Зря, конечно. Я пожал плечами и отвернулся в сторону.
— Ой, ты опять это делаешь! — воскликнула она и порывисто прижала меня к груди.
— Что делаю? — спросил я, уткнувшись носом в её пальто.
— Вот это, с жилкой на шее! — сказала она. — Не надо, лучше закричи или ещё что-нибудь…
— Нет, Дафна, не закричу, — покачал я головой, заглядывая ей в глаза. — Я на тебя никогда не закричу.
— Мне так тебя сейчас хочется поцеловать… — пожаловалась она.
— Что тебя удерживает? — спросил я, позволив своим рукам сползти самую малость ниже дозволенного.
— Нахал! — шлёпнула она меня по рукам. — А вдруг мы с тобой губами приклеимся на морозе?
— Значит, нас с тобой тогда ничто не разлучит, — сказал я, привставая, чтобы дотянуться до неё.

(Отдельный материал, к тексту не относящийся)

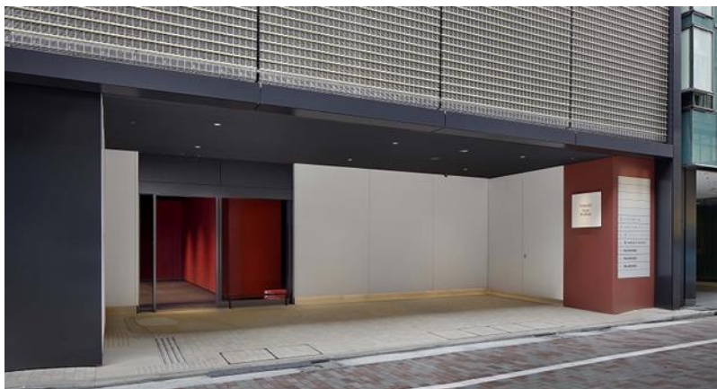
(すずらん通りに面した1Fエントランス)

TORAYA GINZA へはエレベーターをご利用いただき、4階へお越してください。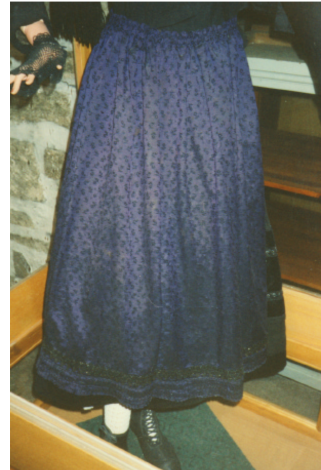
Ansicht der Schürze von vorn: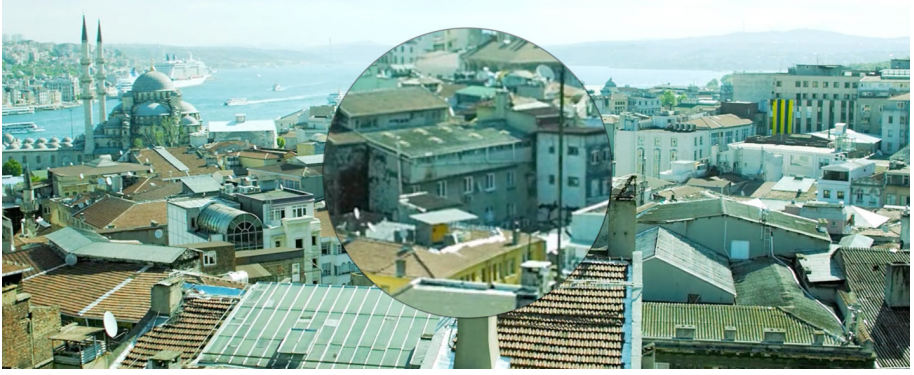
Şekil 2. İstanbul'da Terörist Karargâhı

Kaynak: Pandey, N. (Yönetmen), (2015), Baby (Film), Hindistan: Crouching Tiger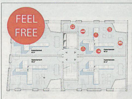
Résidence de dix logements, Schiffflange. Architecte: Team 31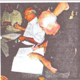
Prefeito assinando convênio

terá até o fim do ano 03 grandes obras sendo 01 Quadra Poliesportiva coberta, 01 Posto de Saúde e 01 Calçadão.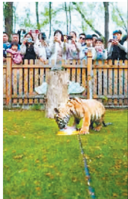
小东北虎吃“肉粽子”，游客们纷纷拍照。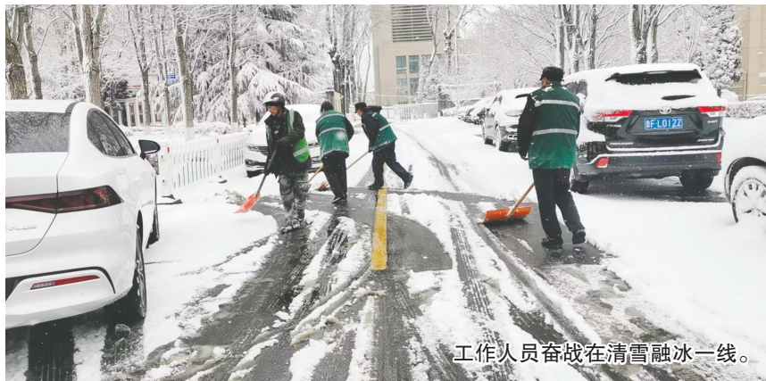
工作人员奋战在清雪融冰一线。

本报讯(YMG全媒体记者 殷新 通讯员 张明伟 摄影报道)昨日,一场降雪为招远增添了一抹亮丽色彩,同时也影响了市民的生活秩序与出行安全。为有效应对此次降雪,招远市综合行政执法局积极联动,以雪为令,迅速启动应急预案,全力投入到除雪工作中,确保市民出行安全和道路畅通。 “雪情”就是命令,招远市综合行政执法局组织环卫园林市政等人员立即行动,不畏严寒,奋战在清雪融冰一线。出动设备46台、清雪人员580余人,根据“保交通、保出行、保民生”的工作原则,采取机械化除雪和人工扫雪相结合的作业方式,对主干道、坡道路面、医院、大型商超门前、桥面等重点区域进行优先保障,确保重点部位的积雪得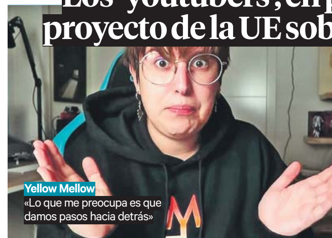
Yellow Mellow «Lo que me preocupa es que damos pasos hacia atrás»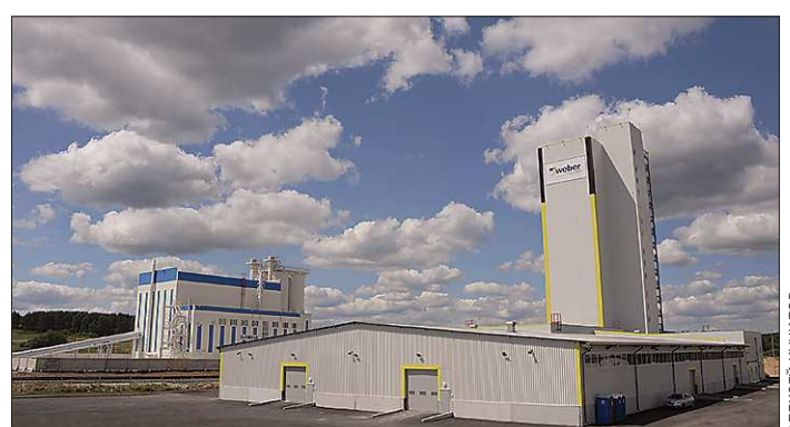
Предприятия, появившиеся на окраине Полевского, работают по самым современным технологиям.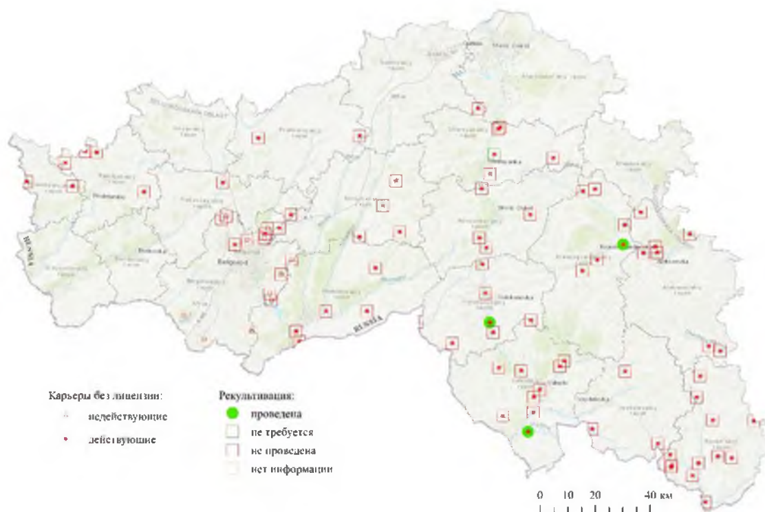
Рис. 4. Расположение несанкционированных карьеров по добыче общераспространённых полезных ископаемых, подлежащих рекультивации Fig. 4. Location of unauthorized quarries for the extraction of common minerals subject to reclamation

К сожалению, на территории региона контролирующими органами систематически фиксируются нарушения требований законодательства в сфере охраны недр (ст. 7.3 КоАП РФ) [Кодекс РФ ..., 2001]. Об этом говорится постоянно в докладах и отчётах регионального органа власти, осуществляющего геологический контроль [Управление экологического ..., 2024]. В данном исследовании была проанализирована динамика правонарушений в сфере недропользования за период с 2019 по 2023 год, которые выявлялись на территории Белгородской области практически в каждом муниципальном образовании. Данная динамика представлена в табл. 2. Хотелось бы отметить, что в данной сфере наблюдается рост нарушений и основными здесь являются: пользование недрами без лицензии (ч. 1 ст. 7.3 КоАП РФ) и невыполнение условий пользования недрами (ч. 2 ст. 7.3 КоАП РФ) [Кодекс РФ ..., 2001].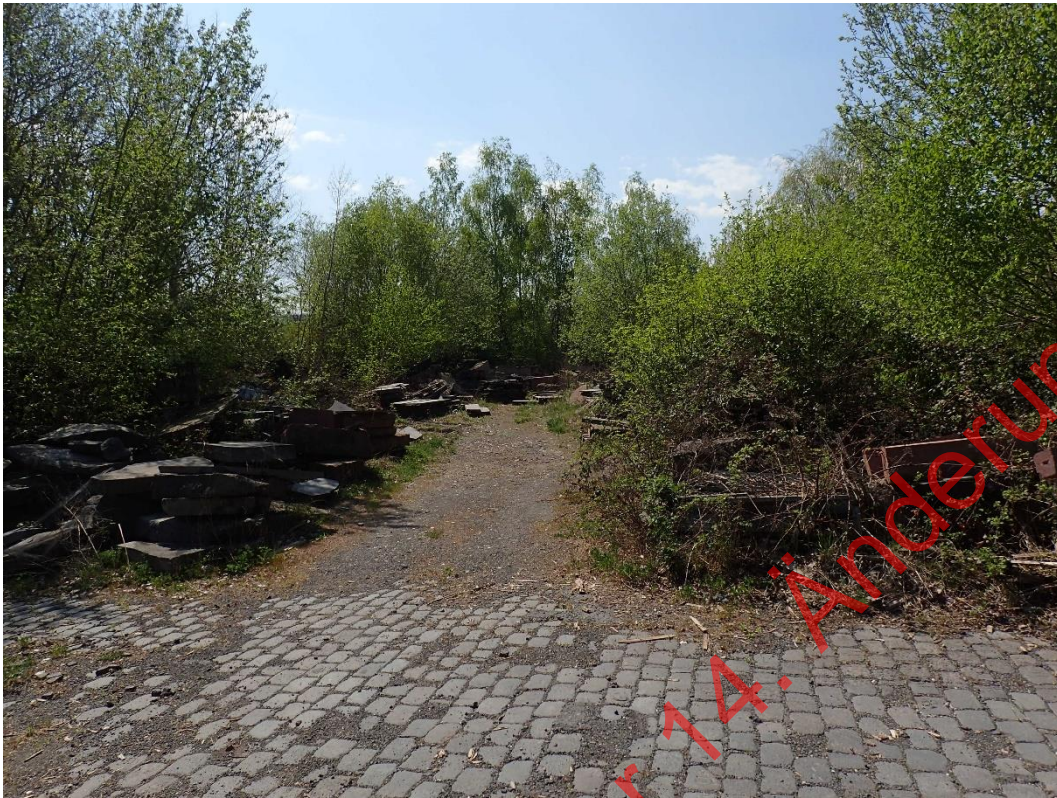
Bild 05: In Randbereichen der Lagerflächen sind Vorwälder entwickelt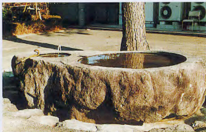
忠霊塔前の広場におかれた手洗鉢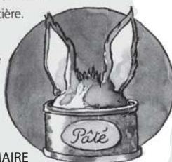
Illustration de Nathalie LEMAIRE

> Le nouvel atelier de français, CE1 , éditions Bordas, p. 13.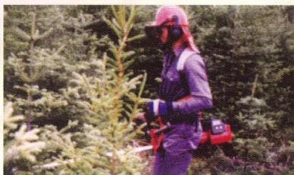
Le respect des règles de sécurité et d'entretien de son outil de travail est essentiel lors des travaux.

Il est important d'être prudent pendant les opérations et de savoir manipuler correctement son outil de travail, car les obstructions étant nombreuses, il est facile de se blesser.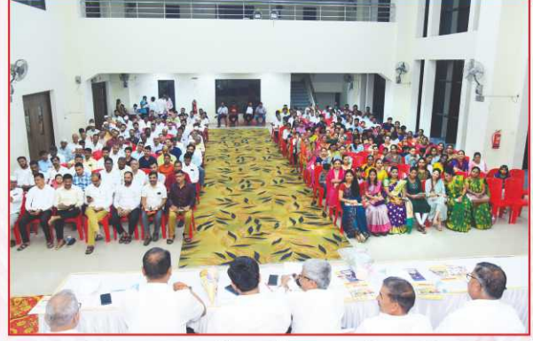
संस्थेच्या २३व्या वार्षिक सर्वसाधारण सभेस उपस्थित सभासद बंधु-भगिनी.

— До весны, — напомнила она.
— Никогда, — помотал я головой и дотронулся губами до её губ.
Приближающееся рождество нервировало меня свыше всяких сил — я прекрасно помнил предписанную мне сцену, в которой я должен был целоваться с Чо. Она, словно чувствуя приближение своего звёздного часа, донимала меня своими преследованиями, зажимала в каком-нибудь укромном местечке, сначала краснела, а потом заводила со мной разговор о Седрике, начинала рыдать, и я спасался бегством. Наконец, настал решающий день… Вечер… Мои мысли лихорадочно метались в черепушке в поисках средства от видения моих губ на этом мокром лице… Бр-р-р! Уж лучше с Джинни! Бр-р-р! И зачем я про Джинни вспомнил!

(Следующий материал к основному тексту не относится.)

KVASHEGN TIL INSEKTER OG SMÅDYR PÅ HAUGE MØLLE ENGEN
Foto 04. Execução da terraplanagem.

Я нёсся на последнее в году занятие Отряда Дамблдора, и чуть не сшиб выпорхнувшую мне навстречу из-за угла девушку. Я толкнул ей так сильно, что она бы упала, не поймай я её… М-да, теперь она невесть что про себя подумает, когда я вот так держу её, опрокинув на колено и нависнув над ней…
— Луна! — поздоровался я.
— Гарри! — обрадовалась она и посмотрела куда-то мимо моей головы, под потолок. — О, смотри, омела!
Чур меня, чур! Я поставил её на ноги и отодвинул от себя.

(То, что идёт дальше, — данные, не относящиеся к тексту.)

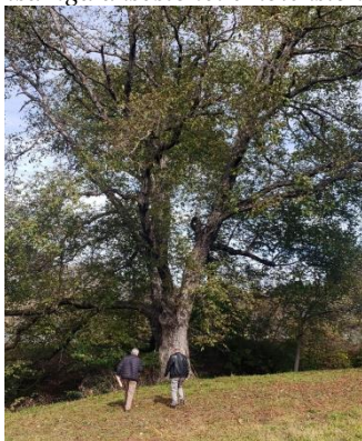
Juglans regia (Borovë)

Disa nga aksesionet e koleksionuar/rregjistruar në zonën e studimit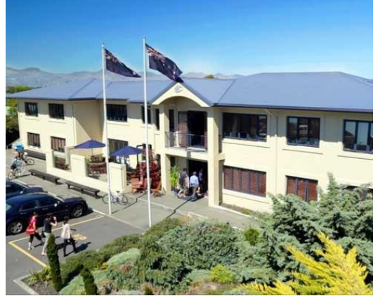
CITY, MOUNTAINS, SNOW & SEA CHRISTCHURCH

学校名: Seafield School of English 所在地: 71 Beresford Street, Christchurch – P.O. Box 18516, Christchurch, New Zealand 所在地: 開講日: 毎週月曜 レベル数: 6 最低受講期間: 1週間～ 滞在方法: ホームステイ おすすめコース: ● 一般英語 ● アカデミック英語 ● 試験対策コース

— Я же тебе сказал, что в гарем не возьму, — строго сказал я.
— Ну, один поцелуйчик, ну малюсенький, — она пальцами показала, насколько малюсенький. — Трудно, что ли, сделать девушке подарок на рождество?
Я притянул её к себе, Крепко обнял и поцеловал в лоб.
— Ты ещё встретишь своего рыцаря, Луна, — пообещал я. — И пусть он не будет столь же красив и умён, как я…
— Зато он будет скромен и самокритичен, — засмеялась она, потянулась ко мне губами и чмокнула в щёку. — Я тебе уже говорила, что ты — лучший?
— Сегодня — нет, — ответил я. — Так что поспеши. Я люблю, когда про меня констатируют сухие факты.
Она потрепала меня по макушке, высвободилась и вприпрыжку поскакала дальше по коридору, что-то радостно напевая. Я глядел ей вслед, пока она не скрылась за поворотом, а когда обернулся, меня чуть кондратий не хватил — прямо передо мной, весело поблёскивая глазами, стояла Астория.
— Привет, Тори, — сделал я попытку её обойти. — Давно не виделись!
— Давно, — согласилась она. — С самого завтрака, — она приложила запястье ко лбу, а другую руку к груди и, запрокинув голову, запричитала: — Сердце моё томится в разлуке…
Я не выдержал и фыркнул.
— Ну, что ты смеёшься, — вздохнула она. — У девушки, можно сказать, любовь, а ты…
— У кого? — удивился я. — К кому?
— Ну, Алекс, — надула она губки, — ну перестань уже надо мной издеваться!
Я так и не понял, когда она успела ко мне прижаться, но последнюю фразу она сказала, с придыханием заглядывая снизу в глаза. Так жалобно-жалобно… Я почувствовал, что та ледышка, которую я сейчас изо всех сил представлял себе на месте моего сердца, стремительно тает. Она, конечно, мелюзга, но — очень хорошенькая мелюзга!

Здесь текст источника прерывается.